Each month in 2018, the moderators of r/dataisbeautiful will provide a dataset for the community to visualize. It is entirely up to contestants how to represent the data and one winner is chosen at the end of each month. I've decided that this friendly competition is a great opportunity to learn new things about data visualization and my goal will be to learn about and incorporate at least one new technique each month.
January's competiton was visualizing the growth rate of multiple algae specied under various light and temperature conditions. More specifically, the dataset contained 18 species of algae, 4 temperatures, and 2 lighting conditions. Growth rates were then supplied for each permutation of these variables. After some initial exploration of the dataset I decided that it would be interesting to highlight which species favored high lighting conditions over low lighting conditions and vice versa. To achieve this, I decided to build line plots for each algae species, highlighting the growth variance between lighting types with the tested temperature spectrum along the x axis. As an added challenge, I wanted to find a way to highlight the area between the lines to emphasize the growth preferences of each species. In order to achieve this with ggplot I did the following:
df3 <- df3 %>% group_by(Species) %>% mutate(diff25 = l2500 - lag(l2500), diff50 = l5000 - lag(l5000), diffTemp = Temp - lag(Temp), slope25 = diff25/diffTemp, slope50 = diff50/diffTemp, intcpt25 = l2500 - slope25 * Temp, intcpt50 = l5000 - slope50 * Temp, x2 = (intcpt25 - intcpt50)/(slope50 - slope25), y3 = slope25 * x2 + intcpt25, x2 = ifelse(x2 > Temp | x2 < lag(Temp), NA, x2), y3 = ifelse(x2 > Temp | x2 < lag(Temp), NA, y3), y4 = y3, seg_type = ifelse(l2500 > l5000, 'low','high')) break_points <- df3 %>% filter(!(is.na(x2))) %>% select(Species, x = x2, ymin = y3, ymax = y4) high_ribbon <- df3 %>% filter(seg_type == 'high') %>% select(Species, x = Temp, ymin = l2500, ymax = l5000) high_ribbon <- bind_rows(high_ribbon,break_points) low_ribbon <- df3 %>% filter(seg_type == 'low') %>% select(Species, x = Temp, ymin = l5000, ymax = l2500) low_ribbon <- bind_rows(low_ribbon,break_points) plot <- df3 %>% ggplot()+ geom_hline(yintercept = 0, linetype='dashed', color = 'gray70', size = .3, alpha = .7) + geom_line(aes(x = Temp, y = l2500), color = 'dodgerblue2', size = 1)+ geom_line(aes(x = Temp, y = l5000), color = 'orange2', size = 1) + geom_ribbon(data = high_ribbon, aes(x = x, ymin = ymin, ymax = ymax), fill = 'orange2', alpha = .4) + geom_ribbon(data = low_ribbon, aes(x = x, ymin = ymin, ymax = ymax), fill = 'dodgerblue2', alpha = .4) + facet_wrap(~Species,ncol=6)
Frebruary's dataset contains the legal status of same sex marriage in each US state over a 21 year period from 1995 to 2015. This timeframe presents a rapidly changing legal landscape from a near universal ban of same-sex marriage, all the way to complete legality.
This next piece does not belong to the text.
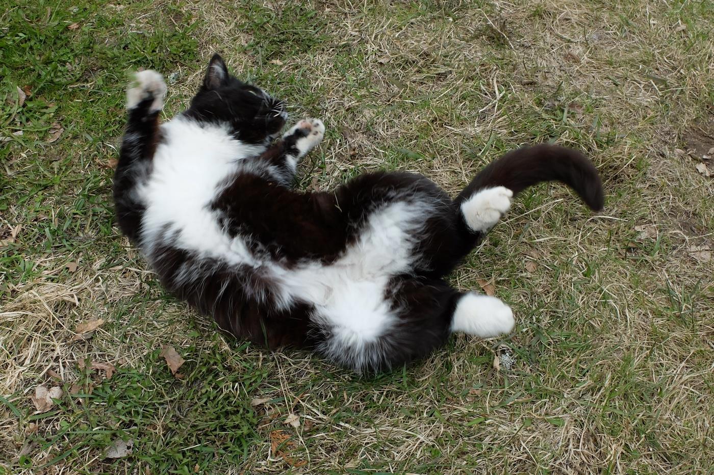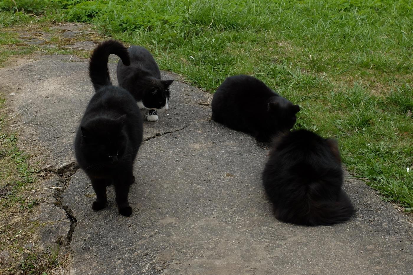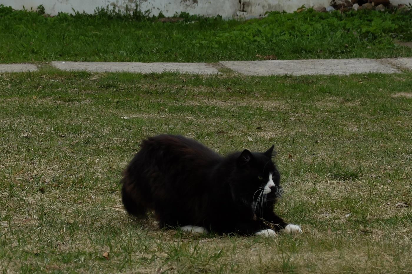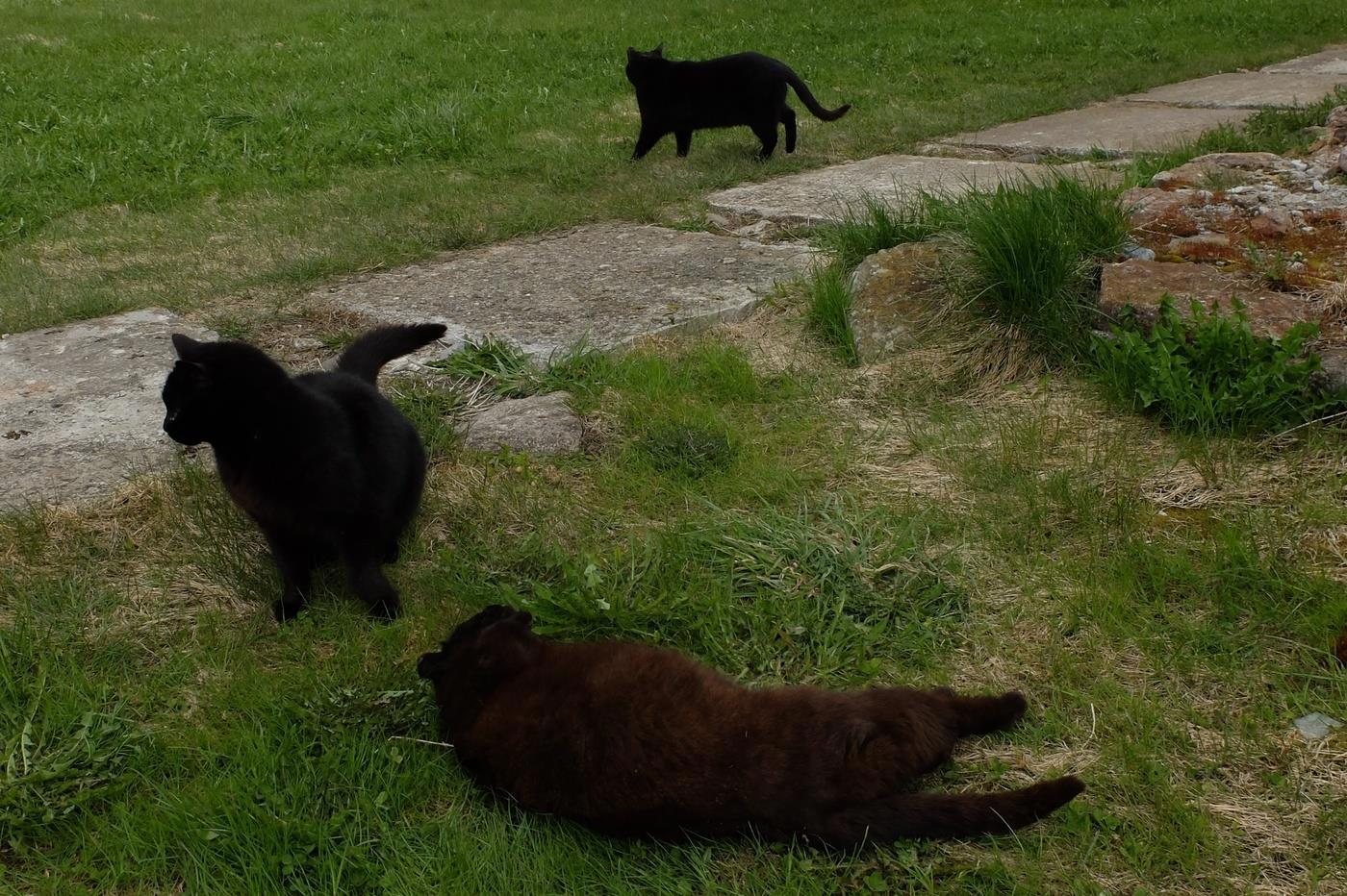 Папа точит когти. Похоже, это действительно папа - крупнее и мощнее остальных, и не подходит гладиться. Как говорят, весь выводок - от одних родителей, поэтому все чёрные:

I saw this as a perfect opportunity to create an animated chloropleth to display this change intuitively over time. Although I've made chloropleths with tools like R and Tableau in the past, I wanted use D3.js this time around to take advantage of the library's great transitions and the aesthetically pleasing nature of svg paths. It turns out that making chlorpleths in D3 is pretty easy since it has great built in features for handling geojson and topojson. After locating a US map geojson file, I simply had to bind each year of data to the existing json and set up synced transitions for the dynamic aspects of the visualization. I added some percentages and appropriately scaling circles to help convey the aggregate legal status along the way. The code for this viz can be viewed on github and the full screen version can be viewed here.